03 November 2007

Whither Labour?

Word reaches me that David Cairns, the man behind Des Browne at the Scotland Office, is to speak to Labour's youth Conference (poor man!), and will say that Labour will no longer argue that Scotland is financially incapable of running its own affairs. Given some of the recent figures published (and I refuse to get involved in these constant 'my statistics are bigger than your statistics' debates), its little wonder, but then, let's face it, for the last few years Labour were in the odd position of having to say that Scotland was unable to support itself, but at the same time having to defend their record in government. That it's taken an electoral defeat for them to realise that this doesn't work all that well shows that his calls for renewal are spot on: Labour are suffering from a 'reality defecit' with such contradictions.

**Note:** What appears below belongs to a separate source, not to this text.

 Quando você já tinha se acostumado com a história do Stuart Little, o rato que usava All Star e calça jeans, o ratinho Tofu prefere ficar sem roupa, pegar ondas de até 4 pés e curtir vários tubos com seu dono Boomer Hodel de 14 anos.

Perhaps also, this will see an end to accusations that the present Scottish Government is obsessed with the constitution, at the expense of other issues: myths that Alex Salmond would initiate negotiations on independence with Westminster on Day 1 of the new administration proved baseless, and the Labour vision of border guards and a Berlin-style wall running from Gretna to Berwick has been shown to be nonsense. A&E units, higher education funding, transport projects, housing, local government finance, policing: these are the issues that have been at the top of the political agenda, not just the independence debate, which, let's face it, has been running at various levels of prominence since 1707.

So will this be taken up by the wider Labour hierarchy? Probably not, but if it were, what would replace it, if economics goes out the window? How long can their overly romantic attachment to the outdated idea of the multi-national state continue? With the USSR, Yugoslavia and Cazechoslovakia memories of history, with tensions between Flanders and Wallonia holding up the formation of a government in Belgium, with stronger assertions of nationhood in Catalonia and plans to discuss independence seriously in the Basque Country, how long can Unionism hold out against the tide of recent European history?

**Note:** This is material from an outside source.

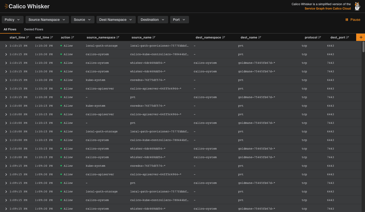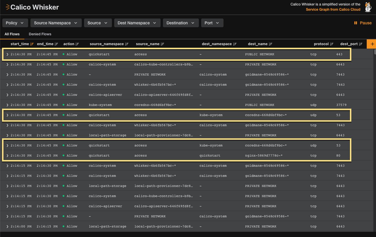 The web console accumulates flow logs in real time. Keep this window open through the rest of the tutorial to see logs of the connections your pods are making.

And if Labour concede that Scotland can financially survive on its own, what justification will they have for opposing a referendum on independence?

4 comments:

Clairwil said...

Well Terry Kelly will no doubt baffle on about anti-Englishness. As for the rest of them my money is on 'we're better together' with no evidence or explanation given to back it up.

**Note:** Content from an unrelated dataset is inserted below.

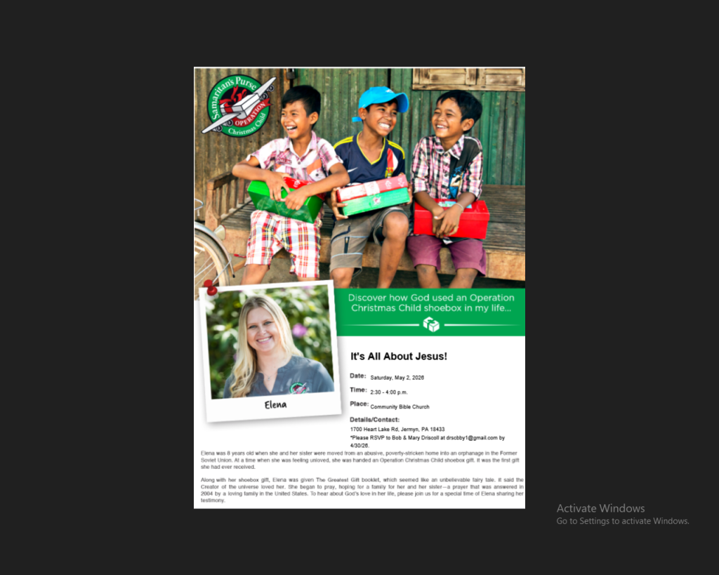“Come find out how a gift-filled shoebox helped a child, who had never received a gift, to grasp that Jesus is God’s Greatest Gift!”

Whatever happens I can't see them telling the truth on this issue.

Mountjoy said...

Well put. Labour has imploded in Scotland, and their policies have to be based on winning marginals in England. Not exactly a vote winner north of the Border.

Anonymous said...

"what justification will they have for opposing a referendum on independence"

Perhaps the rather obvious one that Holyrood has no legal authority over constitutional matters.

Will said...

Well, the Civil Service clearly found a way around this, but even if that were a block, that's not an objection to the principle of a referendum being held.